Renowned Swedish director Jerzy Sladkowski is the first resident of the Tartu 2024 Arts of Survival Documentaries Residency. Jerzy was born and raised in Poland but has settled in Sweden since 1982. Film journalist Tiit Tuumtalu has described Jerzy as a living classic of documentary. He has made more than 50 films for TV stations in France, Germany, Poland, Sweden, Finland, Denmark, and Norway during his long career. Jerzy Sladkowski’s films have been screened at numerous film festivals, and he has won the European Film Academy’s Best Documentary Award and major awards at IDFA in Amsterdam, DOK in Leipzig, New York and Gothenburg.
Over the years, the Estonian cinema audience has watched Sladkowski’s films at the Pärnu Film Festival, tARTuFF, PÖFF, DocPoint and Estonian Public Broadcasting. His film “Paradise” was the first documentary to win the Audience Award at the TARTuFF in 2010, followed by the Grand Prix for “Vodka Factory” at the Pärnu Film Festival in 2011.
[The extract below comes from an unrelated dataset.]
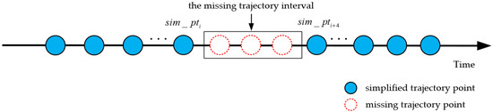 - Identification of the missing trajectory points: The number of missing trajectory points in the simplified trajectory are determined according to the sampling interval of the simplified trajectory. As shown in Figure 4, the trajectory interval with a sampling interval that exceeds twice the average sampling interval in the simplified trajectory is regarded as the missing trajectory interval. When the sampling interval of the missing trajectory interval is less than the 95th percentile of the sampling interval, the missing trajectory points need to be reconstructed. The calculation method of the number and time information of the missing trajectory points are shown in Equations (4) and (5):where represents the sampling interval of the missing trajectory interval, represents the average sampling interval of the simplified trajectory points, represents the downward rounding function, represents the number of missing trajectory points, and represents the time information of the -th missing trajectory point in the missing trajectory interval (for example, represents the time information of the first missing trajectory point in the missing trajectory interval).

The overall theme of Jerzy Sladkowski’s films is mainly people facing dramatic changes or individuals trying to maintain normality in a changing environment and quietly strive for a better life. Sladkowski’s most famous films are “Swedish Tango” and “Paradise” about a lovely old couple, and the Russian trilogy created in the past decade “Vodka Factory”, “Don Juan” and “Bitter Love”.